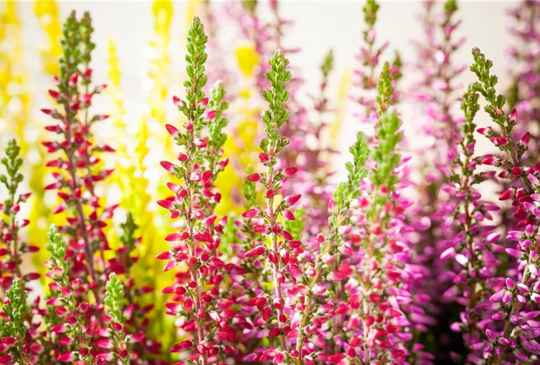 Man unterscheidet Heide in Sommer- und Winterheide. Eine wegen ihrer langen Blütezeit sehr beliebte Sorte der Sommerheide ist die Knospenblüherheide ( Calluna vulgaris ). Sie ist tatsächlich eine Mutation, die glücklicherweise von aufmerksamen Gärtnern entdeckt wurde. Da sie ihre Knospen nie öffnet, wird sie auch nicht von Insekten bestäubt. Das erklärt ihre ungewöhnlich lange Blütezeit und warum sie generell einfach unempfindlicher ist.
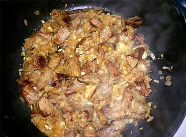 - De eerste stap is om het vlees in een pan te bakken. Om dit te doen, snijd het in blokjes, meng met bloem en bruin in zonnebloemolie. Breng het vlees vervolgens over in een vorm of pot.
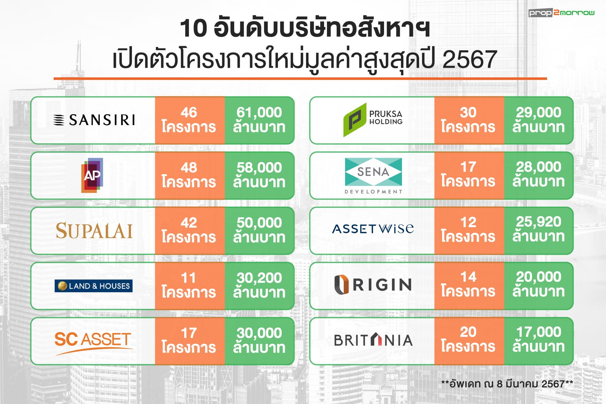10 บริษัทอสังหาฯที่มีการเปิดโครงการใหม่มูลค่าสูงสุด ปี 2567

• What the exercise asks:
Print out all the material word for word but exclude any images.

• Response area:
 Man unterscheidet Heide in Sommer- und Winterheide. Eine wegen ihrer langen Blütezeit sehr beliebte Sorte der Sommerheide ist die Knospenblüherheide ( Calluna vulgaris ). Sie ist tatsächlich eine Mutation, die glücklicherweise von aufmerksamen Gärtnern entdeckt wurde. Da sie ihre Knospen nie öffnet, wird sie auch nicht von Insekten bestäubt. Das erklärt ihre ungewöhnlich lange Blütezeit und warum sie generell einfach unempfindlicher ist.
 - De eerste stap is om het vlees in een pan te bakken. Om dit te doen, snijd het in blokjes, meng met bloem en bruin in zonnebloemolie. Breng het vlees vervolgens over in een vorm of pot.
10 บริษัทอสังหาฯที่มีการเปิดโครงการใหม่มูลค่าสูงสุด ปี 2567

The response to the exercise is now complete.